___ Information supplied

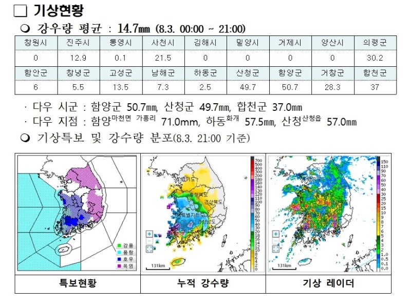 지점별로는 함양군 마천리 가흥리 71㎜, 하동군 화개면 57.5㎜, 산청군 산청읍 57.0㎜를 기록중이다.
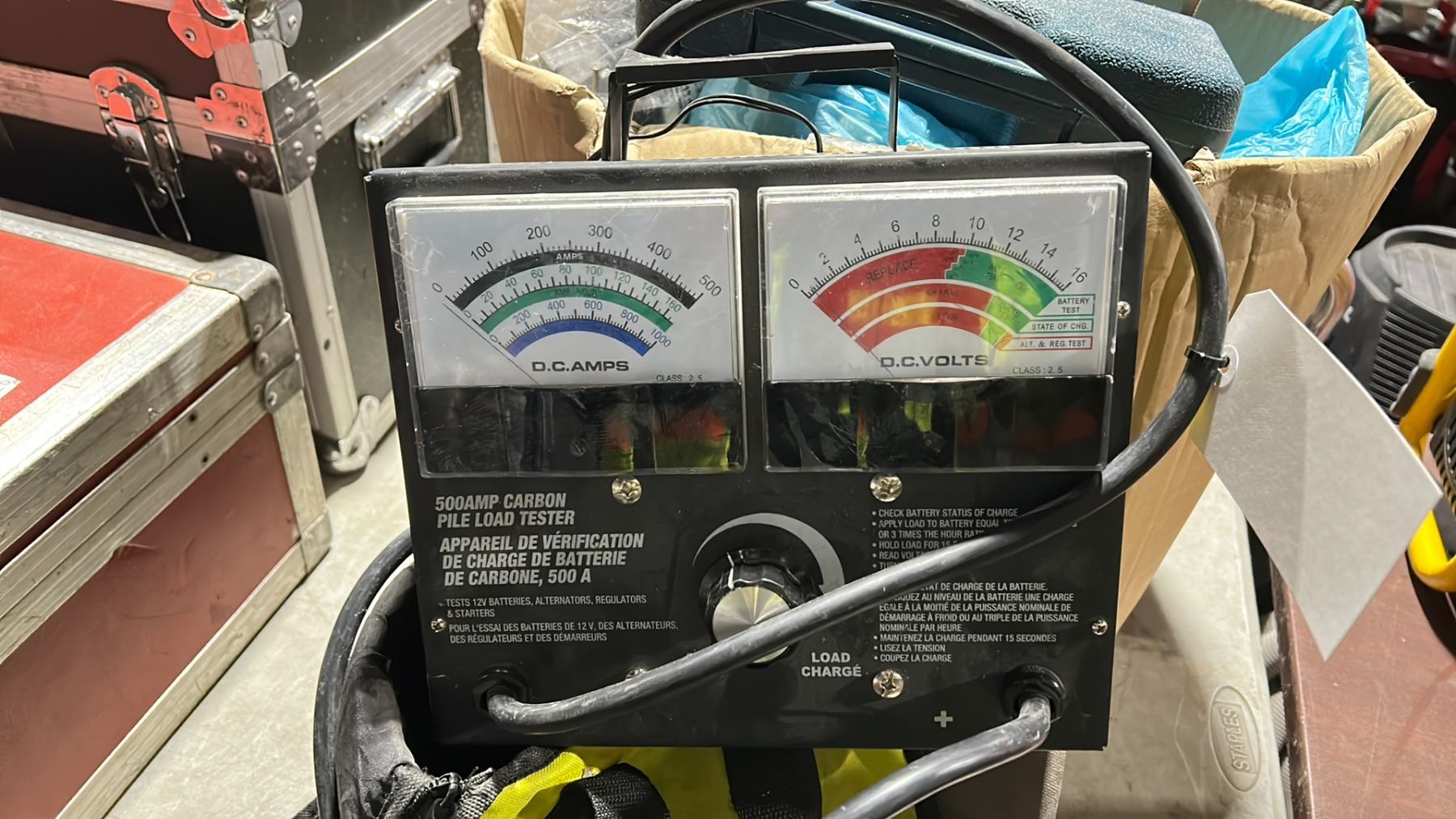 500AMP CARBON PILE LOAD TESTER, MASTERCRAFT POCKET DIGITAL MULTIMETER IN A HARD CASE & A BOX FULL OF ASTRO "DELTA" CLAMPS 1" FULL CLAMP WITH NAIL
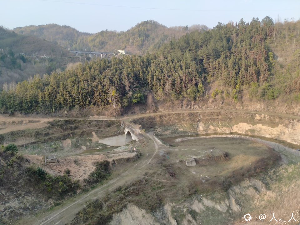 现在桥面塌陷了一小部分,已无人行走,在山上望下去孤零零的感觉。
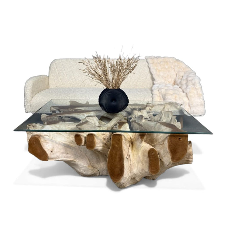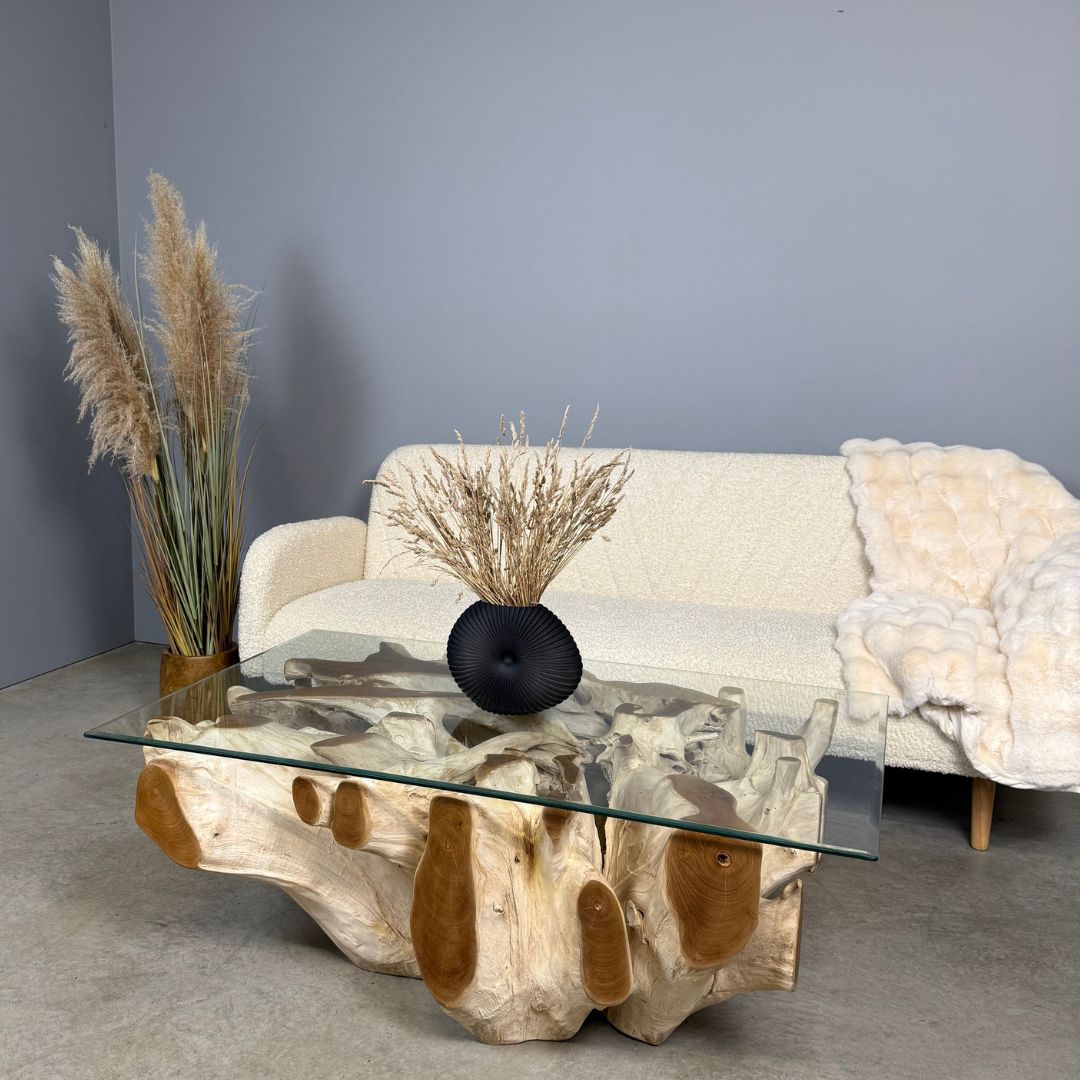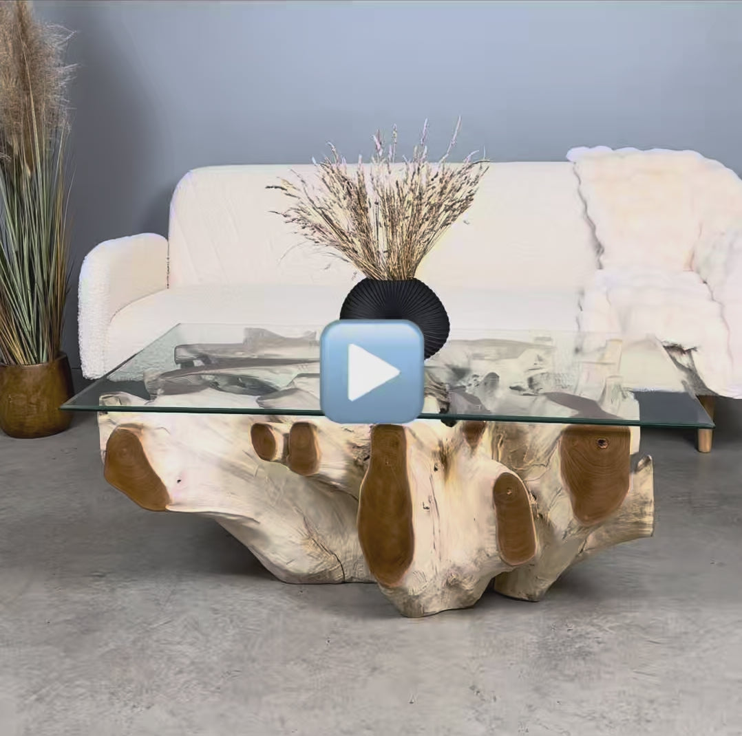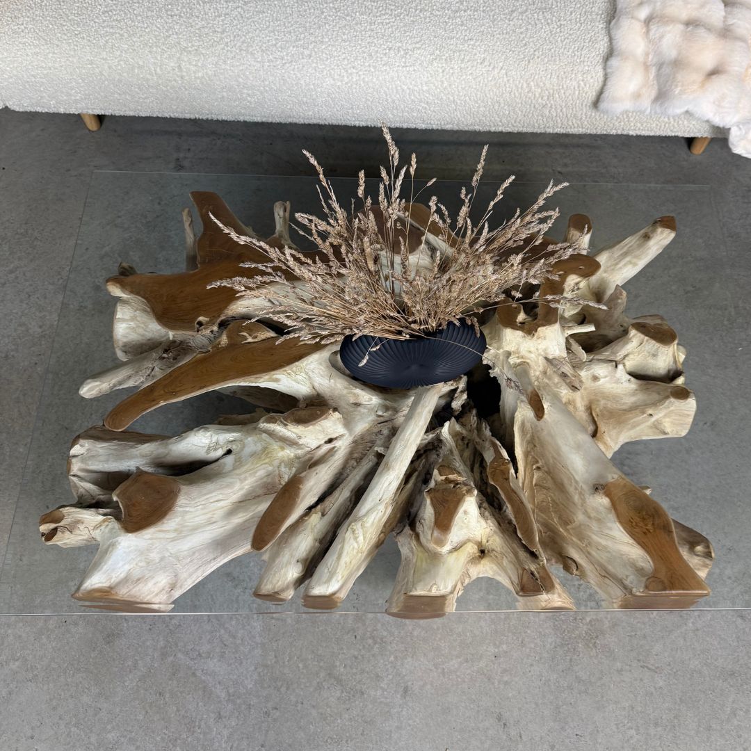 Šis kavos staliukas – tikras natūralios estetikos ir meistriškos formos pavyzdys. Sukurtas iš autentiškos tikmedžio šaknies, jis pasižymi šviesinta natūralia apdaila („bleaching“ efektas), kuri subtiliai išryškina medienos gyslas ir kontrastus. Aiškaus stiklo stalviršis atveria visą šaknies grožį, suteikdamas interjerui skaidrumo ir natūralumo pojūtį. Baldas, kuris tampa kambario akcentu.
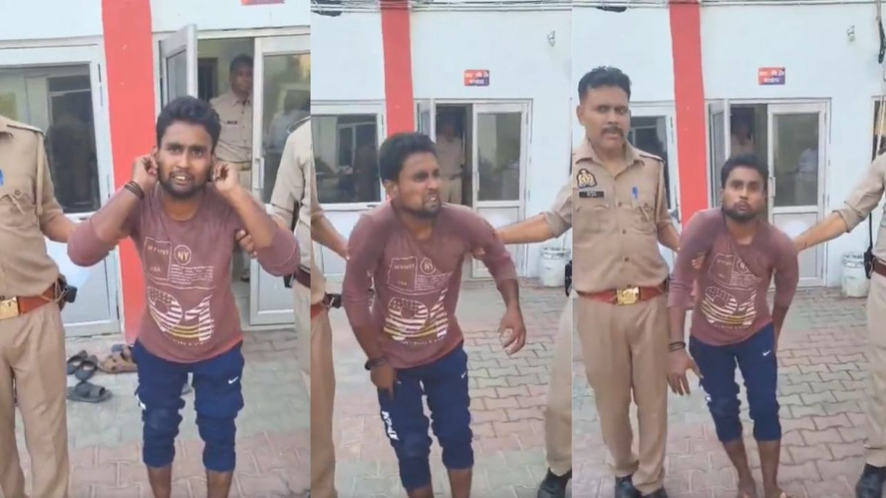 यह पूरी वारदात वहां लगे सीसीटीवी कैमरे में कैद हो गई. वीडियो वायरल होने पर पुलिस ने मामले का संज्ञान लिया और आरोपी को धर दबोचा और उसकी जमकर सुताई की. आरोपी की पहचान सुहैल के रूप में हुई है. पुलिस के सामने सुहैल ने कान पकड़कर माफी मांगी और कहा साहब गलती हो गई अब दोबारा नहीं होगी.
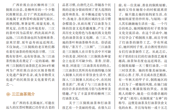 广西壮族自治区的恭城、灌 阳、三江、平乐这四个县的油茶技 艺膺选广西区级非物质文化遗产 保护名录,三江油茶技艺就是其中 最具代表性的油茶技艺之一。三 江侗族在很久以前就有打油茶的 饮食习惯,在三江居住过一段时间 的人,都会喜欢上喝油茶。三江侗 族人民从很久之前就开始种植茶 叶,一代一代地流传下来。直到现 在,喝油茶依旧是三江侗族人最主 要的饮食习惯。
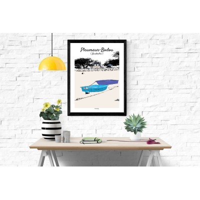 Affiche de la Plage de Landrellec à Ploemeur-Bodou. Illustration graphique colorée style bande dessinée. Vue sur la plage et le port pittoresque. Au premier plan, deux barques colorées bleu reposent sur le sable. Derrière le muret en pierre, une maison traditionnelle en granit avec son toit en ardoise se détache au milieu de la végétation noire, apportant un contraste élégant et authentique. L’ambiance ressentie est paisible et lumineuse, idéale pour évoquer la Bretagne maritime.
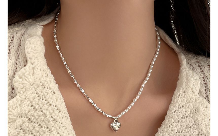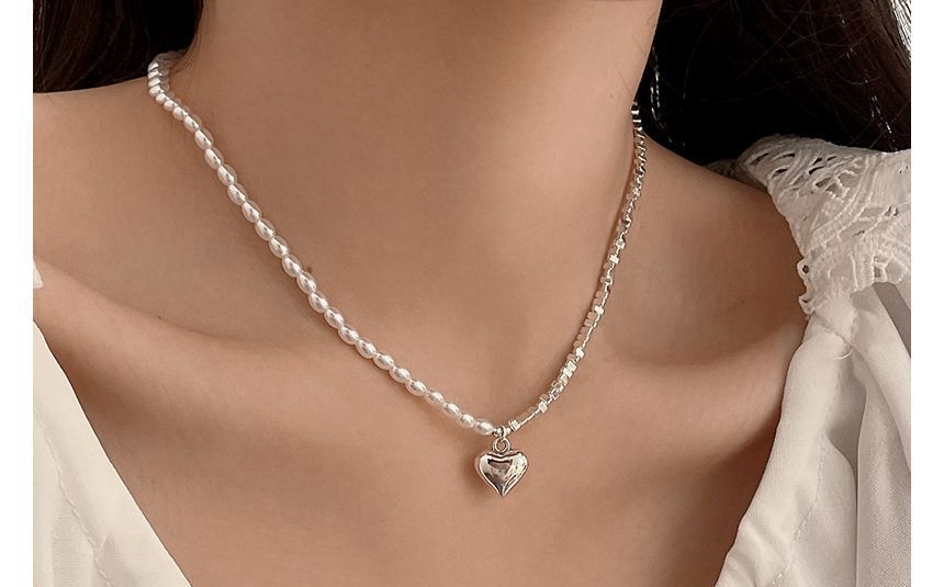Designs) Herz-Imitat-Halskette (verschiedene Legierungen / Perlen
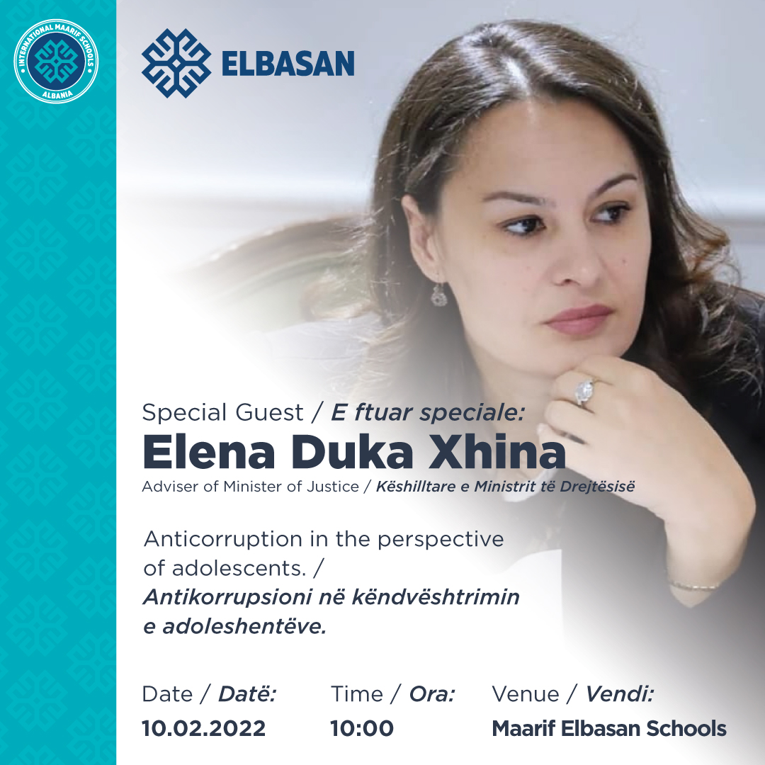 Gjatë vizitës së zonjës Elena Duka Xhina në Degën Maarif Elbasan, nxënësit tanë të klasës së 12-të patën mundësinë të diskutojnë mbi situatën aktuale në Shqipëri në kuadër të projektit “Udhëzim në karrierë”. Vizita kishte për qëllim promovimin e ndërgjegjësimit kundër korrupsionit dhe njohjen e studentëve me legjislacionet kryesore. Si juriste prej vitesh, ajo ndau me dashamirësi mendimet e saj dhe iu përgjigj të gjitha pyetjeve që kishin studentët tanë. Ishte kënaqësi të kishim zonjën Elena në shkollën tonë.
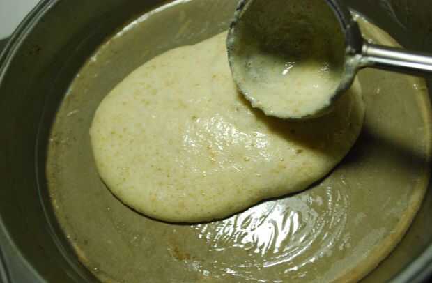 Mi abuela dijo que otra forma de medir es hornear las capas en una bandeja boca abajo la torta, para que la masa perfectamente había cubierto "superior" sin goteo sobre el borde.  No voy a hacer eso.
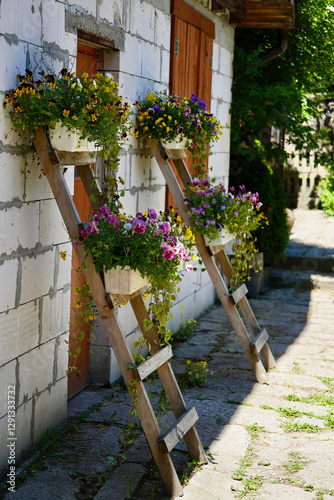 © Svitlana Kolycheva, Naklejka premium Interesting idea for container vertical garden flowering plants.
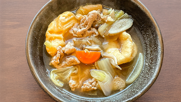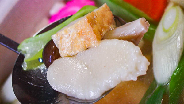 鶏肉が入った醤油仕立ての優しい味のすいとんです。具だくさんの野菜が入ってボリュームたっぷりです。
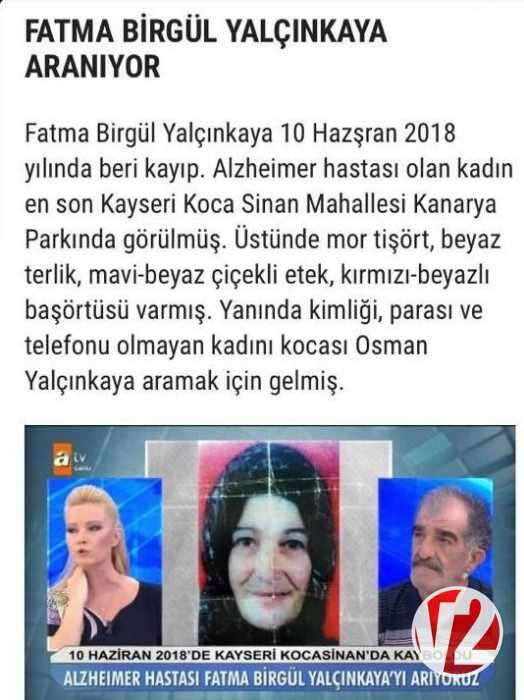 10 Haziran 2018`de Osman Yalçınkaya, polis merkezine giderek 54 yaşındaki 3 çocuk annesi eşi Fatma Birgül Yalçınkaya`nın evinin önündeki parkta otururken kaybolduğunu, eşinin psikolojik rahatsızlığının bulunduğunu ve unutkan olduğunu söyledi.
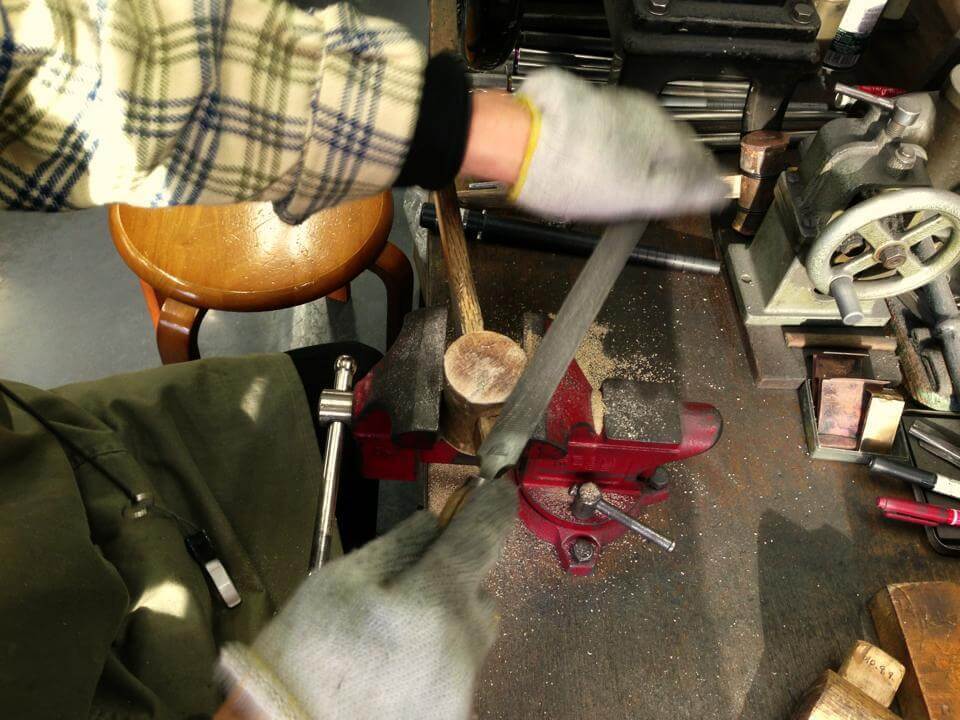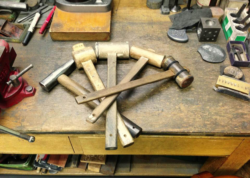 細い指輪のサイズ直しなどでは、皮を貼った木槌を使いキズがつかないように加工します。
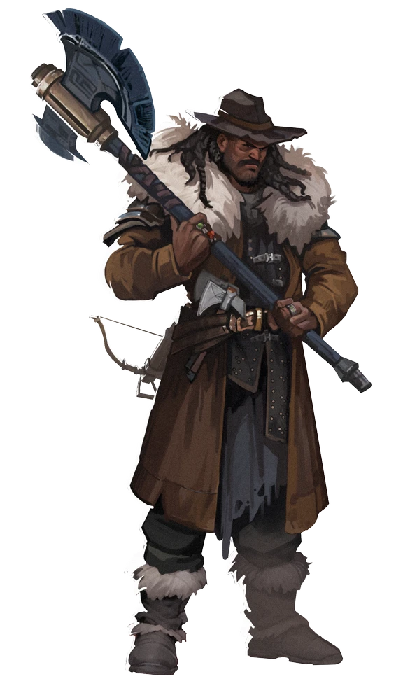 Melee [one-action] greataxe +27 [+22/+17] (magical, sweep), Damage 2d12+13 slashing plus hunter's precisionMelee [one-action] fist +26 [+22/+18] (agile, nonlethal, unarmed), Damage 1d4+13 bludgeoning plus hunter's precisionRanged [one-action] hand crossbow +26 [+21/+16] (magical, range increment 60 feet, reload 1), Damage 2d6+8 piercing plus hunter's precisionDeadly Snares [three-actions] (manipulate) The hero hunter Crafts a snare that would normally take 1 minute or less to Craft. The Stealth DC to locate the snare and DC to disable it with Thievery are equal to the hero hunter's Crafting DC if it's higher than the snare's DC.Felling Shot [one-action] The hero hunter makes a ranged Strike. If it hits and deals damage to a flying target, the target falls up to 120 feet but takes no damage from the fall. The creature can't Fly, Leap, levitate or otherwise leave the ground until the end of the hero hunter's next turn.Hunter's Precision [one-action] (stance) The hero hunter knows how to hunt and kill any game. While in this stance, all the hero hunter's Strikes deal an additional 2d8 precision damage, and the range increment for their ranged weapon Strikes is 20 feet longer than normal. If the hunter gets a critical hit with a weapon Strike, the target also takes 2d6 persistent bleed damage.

______

* About this task
Among the entries above, copy exactly the stretch from the line holding "500AMP CARBON PILE" through the line holding "广西壮族自治区的恭城、灌 阳、三江、平乐这四个县的油茶技 艺膺选广西区级非物质文化遗产", leaving out any pictures.

* Task solution
 500AMP CARBON PILE LOAD TESTER, MASTERCRAFT POCKET DIGITAL MULTIMETER IN A HARD CASE & A BOX FULL OF ASTRO "DELTA" CLAMPS 1" FULL CLAMP WITH NAIL
 现在桥面塌陷了一小部分,已无人行走,在山上望下去孤零零的感觉。
 Šis kavos staliukas – tikras natūralios estetikos ir meistriškos formos pavyzdys. Sukurtas iš autentiškos tikmedžio šaknies, jis pasižymi šviesinta natūralia apdaila („bleaching“ efektas), kuri subtiliai išryškina medienos gyslas ir kontrastus. Aiškaus stiklo stalviršis atveria visą šaknies grožį, suteikdamas interjerui skaidrumo ir natūralumo pojūtį. Baldas, kuris tampa kambario akcentu.
 यह पूरी वारदात वहां लगे सीसीटीवी कैमरे में कैद हो गई. वीडियो वायरल होने पर पुलिस ने मामले का संज्ञान लिया और आरोपी को धर दबोचा और उसकी जमकर सुताई की. आरोपी की पहचान सुहैल के रूप में हुई है. पुलिस के सामने सुहैल ने कान पकड़कर माफी मांगी और कहा साहब गलती हो गई अब दोबारा नहीं होगी.
 广西壮族自治区的恭城、灌 阳、三江、平乐这四个县的油茶技 艺膺选广西区级非物质文化遗产 保护名录,三江油茶技艺就是其中 最具代表性的油茶技艺之一。三 江侗族在很久以前就有打油茶的 饮食习惯,在三江居住过一段时间 的人,都会喜欢上喝油茶。三江侗 族人民从很久之前就开始种植茶 叶,一代一代地流传下来。直到现 在,喝油茶依旧是三江侗族人最主 要的饮食习惯。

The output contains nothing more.